* _Problem requirements_:
Lines before the one containing "所有參訓學員學習內容包括:色" are excluded; retype that line and all remaining lines of the material exactly.

* _Data extracts_:
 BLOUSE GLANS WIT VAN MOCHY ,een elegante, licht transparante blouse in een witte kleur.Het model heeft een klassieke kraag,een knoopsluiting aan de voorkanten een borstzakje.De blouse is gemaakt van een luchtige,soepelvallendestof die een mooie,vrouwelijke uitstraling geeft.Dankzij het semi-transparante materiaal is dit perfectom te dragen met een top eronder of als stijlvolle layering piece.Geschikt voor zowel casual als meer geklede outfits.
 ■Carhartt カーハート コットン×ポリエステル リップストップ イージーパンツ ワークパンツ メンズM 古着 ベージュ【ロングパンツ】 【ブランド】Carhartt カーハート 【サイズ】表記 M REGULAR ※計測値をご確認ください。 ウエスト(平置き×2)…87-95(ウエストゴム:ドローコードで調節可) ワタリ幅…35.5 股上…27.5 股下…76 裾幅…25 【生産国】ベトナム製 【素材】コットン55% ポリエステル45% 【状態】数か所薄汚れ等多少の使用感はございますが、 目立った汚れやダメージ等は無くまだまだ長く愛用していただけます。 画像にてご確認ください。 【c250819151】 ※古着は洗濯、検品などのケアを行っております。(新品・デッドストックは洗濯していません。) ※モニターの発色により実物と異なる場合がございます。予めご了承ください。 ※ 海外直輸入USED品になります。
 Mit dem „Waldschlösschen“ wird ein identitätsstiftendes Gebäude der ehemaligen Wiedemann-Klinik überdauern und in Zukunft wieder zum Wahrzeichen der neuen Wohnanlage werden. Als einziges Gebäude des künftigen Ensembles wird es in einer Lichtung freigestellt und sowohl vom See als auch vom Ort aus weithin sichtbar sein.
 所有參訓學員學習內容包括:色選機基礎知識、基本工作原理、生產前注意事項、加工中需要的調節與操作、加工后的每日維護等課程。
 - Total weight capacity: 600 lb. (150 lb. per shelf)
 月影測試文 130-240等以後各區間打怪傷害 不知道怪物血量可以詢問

* _Exercise response_:
 所有參訓學員學習內容包括:色選機基礎知識、基本工作原理、生產前注意事項、加工中需要的調節與操作、加工后的每日維護等課程。
 - Total weight capacity: 600 lb. (150 lb. per shelf)
 月影測試文 130-240等以後各區間打怪傷害 不知道怪物血量可以詢問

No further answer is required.